Directions: Lines holding the string "that" in the listing below are to be copied.

Data for review:
● ● ● ● ●

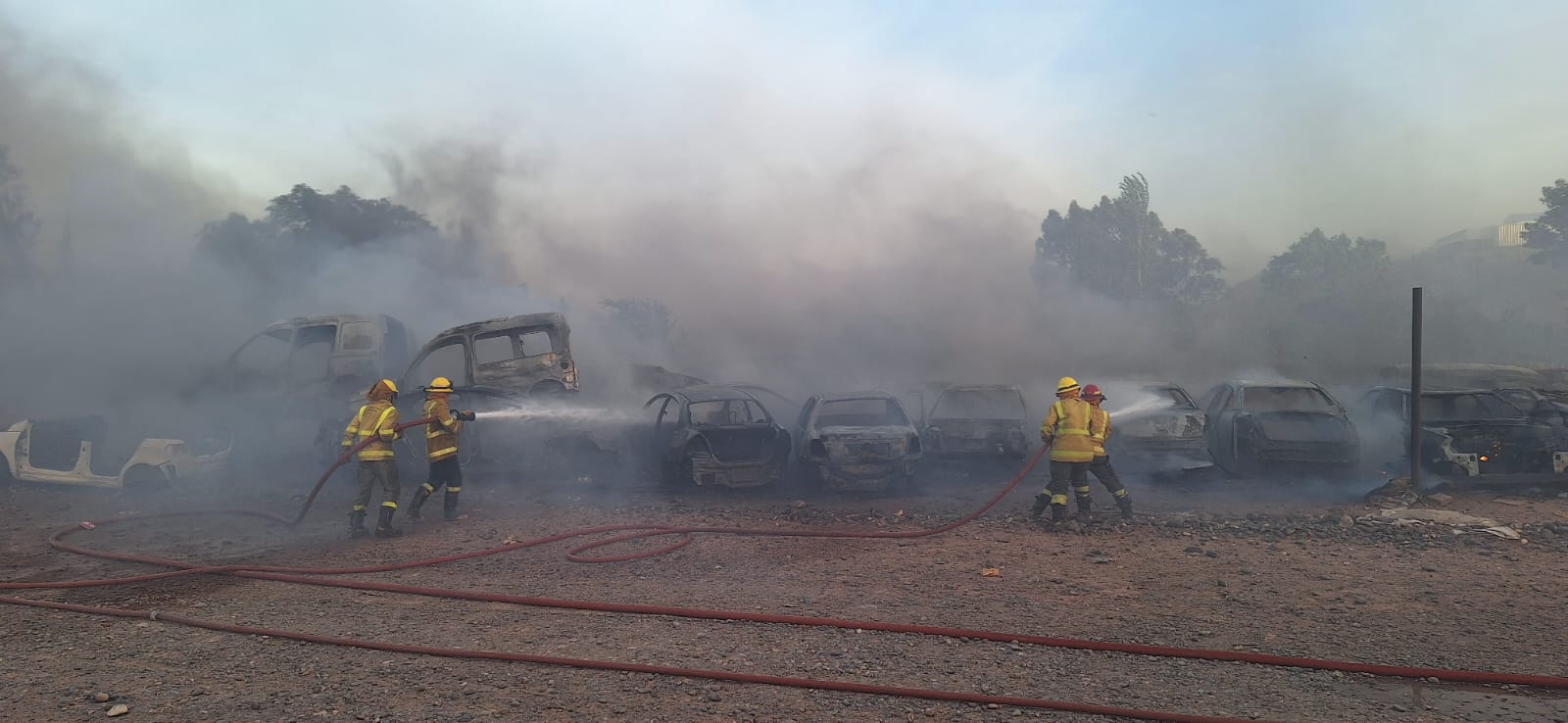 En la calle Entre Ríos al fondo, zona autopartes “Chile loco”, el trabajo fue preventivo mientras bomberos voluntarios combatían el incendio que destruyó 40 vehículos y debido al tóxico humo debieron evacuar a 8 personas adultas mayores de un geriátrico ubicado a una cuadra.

● ● ● ● ●

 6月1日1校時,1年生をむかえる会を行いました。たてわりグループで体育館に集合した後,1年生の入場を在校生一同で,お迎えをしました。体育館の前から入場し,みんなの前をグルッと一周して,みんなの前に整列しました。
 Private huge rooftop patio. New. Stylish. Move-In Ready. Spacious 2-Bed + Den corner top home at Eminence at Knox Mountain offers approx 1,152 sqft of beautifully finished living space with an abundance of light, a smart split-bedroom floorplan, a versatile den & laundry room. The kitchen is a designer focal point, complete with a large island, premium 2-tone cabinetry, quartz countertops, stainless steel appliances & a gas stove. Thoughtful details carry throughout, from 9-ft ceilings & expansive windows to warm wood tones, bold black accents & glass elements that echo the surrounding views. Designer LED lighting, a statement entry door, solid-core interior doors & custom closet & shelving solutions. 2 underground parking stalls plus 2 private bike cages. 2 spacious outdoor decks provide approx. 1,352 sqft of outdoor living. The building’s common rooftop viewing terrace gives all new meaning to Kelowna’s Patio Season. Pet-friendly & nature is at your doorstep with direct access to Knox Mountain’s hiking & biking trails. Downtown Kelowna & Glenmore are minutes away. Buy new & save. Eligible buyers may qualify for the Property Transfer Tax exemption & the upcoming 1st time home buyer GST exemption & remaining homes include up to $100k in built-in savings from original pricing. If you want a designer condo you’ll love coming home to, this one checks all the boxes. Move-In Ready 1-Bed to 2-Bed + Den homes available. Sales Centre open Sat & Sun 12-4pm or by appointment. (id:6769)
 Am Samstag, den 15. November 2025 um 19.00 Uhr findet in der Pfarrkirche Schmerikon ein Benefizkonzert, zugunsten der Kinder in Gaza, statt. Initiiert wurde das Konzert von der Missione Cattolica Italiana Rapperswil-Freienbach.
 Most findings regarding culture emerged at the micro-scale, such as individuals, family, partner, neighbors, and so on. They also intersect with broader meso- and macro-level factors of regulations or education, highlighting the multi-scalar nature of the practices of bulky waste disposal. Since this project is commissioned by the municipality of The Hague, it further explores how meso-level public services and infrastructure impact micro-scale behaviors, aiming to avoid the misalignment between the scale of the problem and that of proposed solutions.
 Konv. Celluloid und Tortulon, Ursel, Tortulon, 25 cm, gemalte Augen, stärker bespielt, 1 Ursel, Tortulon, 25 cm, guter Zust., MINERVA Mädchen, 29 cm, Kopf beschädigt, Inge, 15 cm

● ● ● ● ●

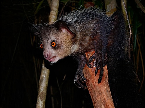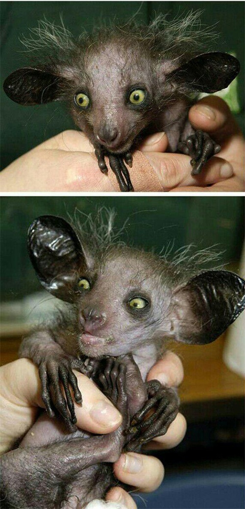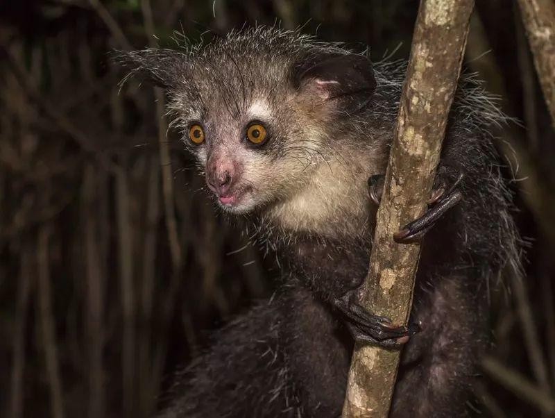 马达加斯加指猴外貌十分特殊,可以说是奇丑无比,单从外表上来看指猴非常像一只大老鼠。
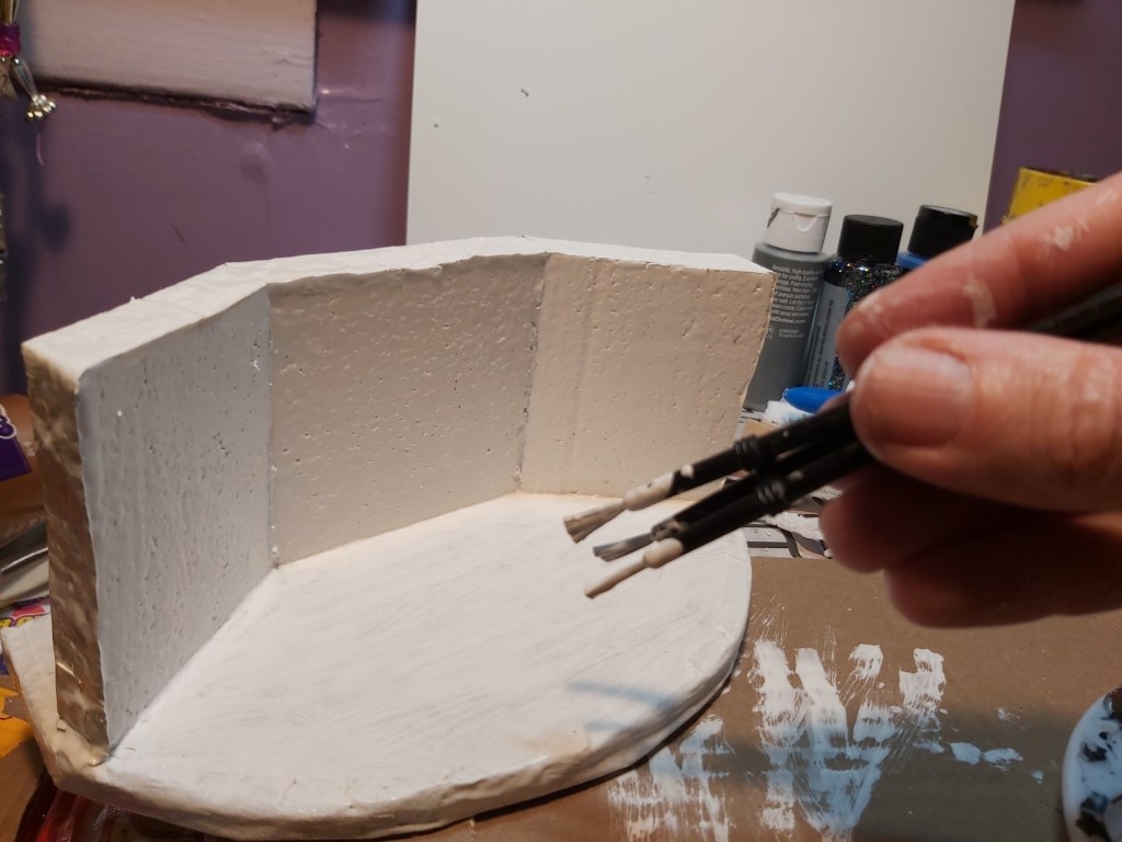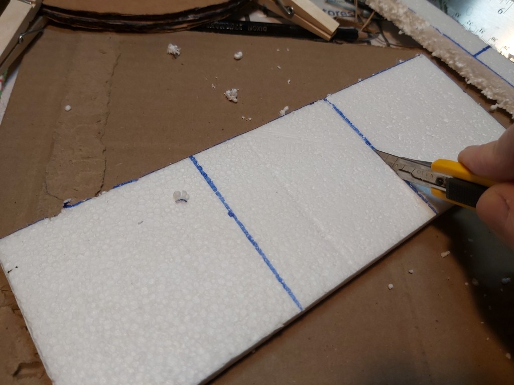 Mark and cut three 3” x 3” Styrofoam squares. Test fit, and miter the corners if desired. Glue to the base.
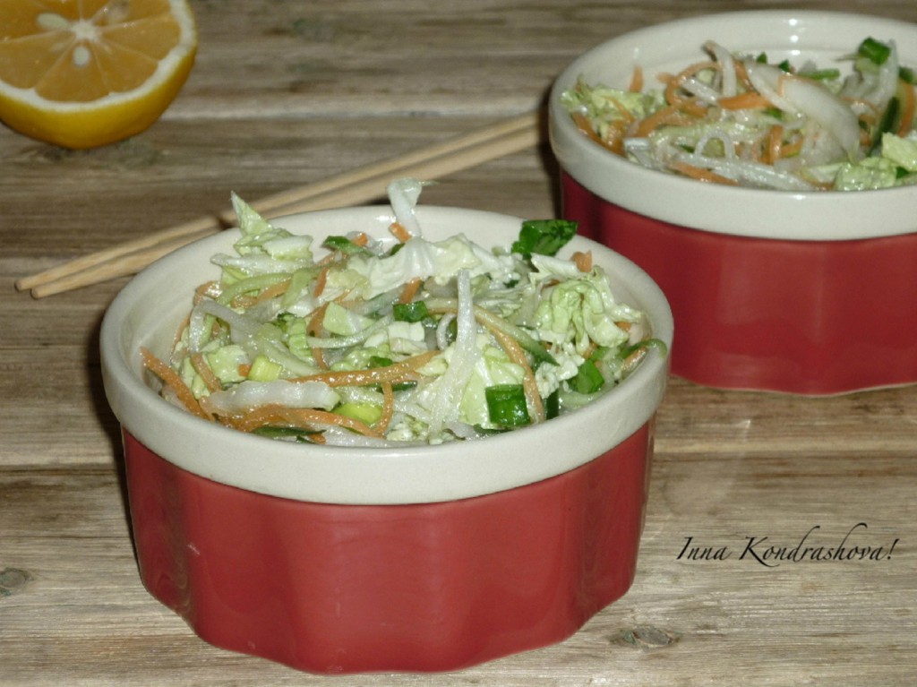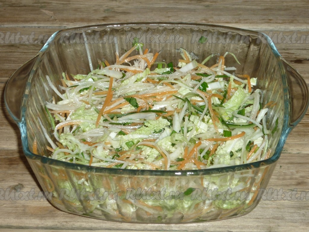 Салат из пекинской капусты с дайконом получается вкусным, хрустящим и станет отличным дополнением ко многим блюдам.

● ● ● ● ●

Written reply:
 Private huge rooftop patio. New. Stylish. Move-In Ready. Spacious 2-Bed + Den corner top home at Eminence at Knox Mountain offers approx 1,152 sqft of beautifully finished living space with an abundance of light, a smart split-bedroom floorplan, a versatile den & laundry room. The kitchen is a designer focal point, complete with a large island, premium 2-tone cabinetry, quartz countertops, stainless steel appliances & a gas stove. Thoughtful details carry throughout, from 9-ft ceilings & expansive windows to warm wood tones, bold black accents & glass elements that echo the surrounding views. Designer LED lighting, a statement entry door, solid-core interior doors & custom closet & shelving solutions. 2 underground parking stalls plus 2 private bike cages. 2 spacious outdoor decks provide approx. 1,352 sqft of outdoor living. The building’s common rooftop viewing terrace gives all new meaning to Kelowna’s Patio Season. Pet-friendly & nature is at your doorstep with direct access to Knox Mountain’s hiking & biking trails. Downtown Kelowna & Glenmore are minutes away. Buy new & save. Eligible buyers may qualify for the Property Transfer Tax exemption & the upcoming 1st time home buyer GST exemption & remaining homes include up to $100k in built-in savings from original pricing. If you want a designer condo you’ll love coming home to, this one checks all the boxes. Move-In Ready 1-Bed to 2-Bed + Den homes available. Sales Centre open Sat & Sun 12-4pm or by appointment. (id:6769)
 Most findings regarding culture emerged at the micro-scale, such as individuals, family, partner, neighbors, and so on. They also intersect with broader meso- and macro-level factors of regulations or education, highlighting the multi-scalar nature of the practices of bulky waste disposal. Since this project is commissioned by the municipality of The Hague, it further explores how meso-level public services and infrastructure impact micro-scale behaviors, aiming to avoid the misalignment between the scale of the problem and that of proposed solutions.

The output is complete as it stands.